[Requirement]:
For the records below, copy exactly the span that begins at the line containing "large shareholders, related-party" and stops after the line containing "CONVERGENCE’s Kalle Lahtinen", minus any pictures.

[Entries shown]:
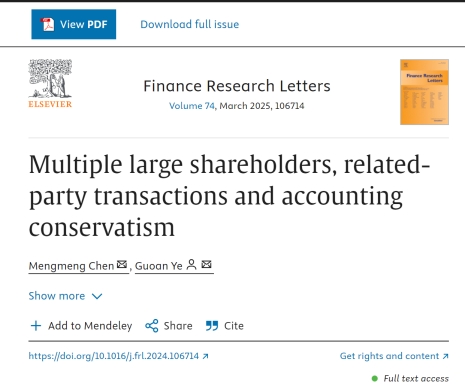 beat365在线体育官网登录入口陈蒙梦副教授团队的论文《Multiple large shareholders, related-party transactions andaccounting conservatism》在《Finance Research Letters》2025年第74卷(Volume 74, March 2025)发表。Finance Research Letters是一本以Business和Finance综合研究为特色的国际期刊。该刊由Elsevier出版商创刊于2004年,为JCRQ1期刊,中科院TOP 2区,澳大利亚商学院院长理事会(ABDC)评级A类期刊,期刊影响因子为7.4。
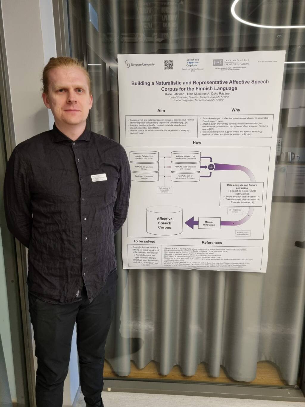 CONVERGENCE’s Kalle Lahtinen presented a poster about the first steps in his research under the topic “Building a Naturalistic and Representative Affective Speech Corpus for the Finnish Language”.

--

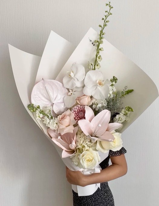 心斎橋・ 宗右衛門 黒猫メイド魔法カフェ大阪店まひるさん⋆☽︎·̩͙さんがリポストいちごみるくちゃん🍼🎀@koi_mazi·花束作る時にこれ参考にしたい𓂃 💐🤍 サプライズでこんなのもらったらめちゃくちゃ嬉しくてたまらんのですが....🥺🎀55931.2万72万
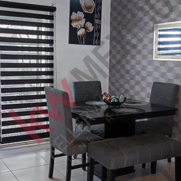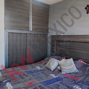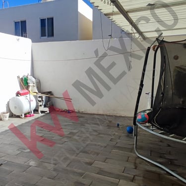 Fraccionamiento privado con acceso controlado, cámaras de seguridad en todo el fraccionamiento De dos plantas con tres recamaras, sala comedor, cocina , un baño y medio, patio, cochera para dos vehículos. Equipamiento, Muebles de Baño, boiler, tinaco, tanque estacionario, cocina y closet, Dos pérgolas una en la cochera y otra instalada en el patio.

[Exercise result]:
 beat365在线体育官网登录入口陈蒙梦副教授团队的论文《Multiple large shareholders, related-party transactions andaccounting conservatism》在《Finance Research Letters》2025年第74卷(Volume 74, March 2025)发表。Finance Research Letters是一本以Business和Finance综合研究为特色的国际期刊。该刊由Elsevier出版商创刊于2004年,为JCRQ1期刊,中科院TOP 2区,澳大利亚商学院院长理事会(ABDC)评级A类期刊,期刊影响因子为7.4。
 CONVERGENCE’s Kalle Lahtinen presented a poster about the first steps in his research under the topic “Building a Naturalistic and Representative Affective Speech Corpus for the Finnish Language”.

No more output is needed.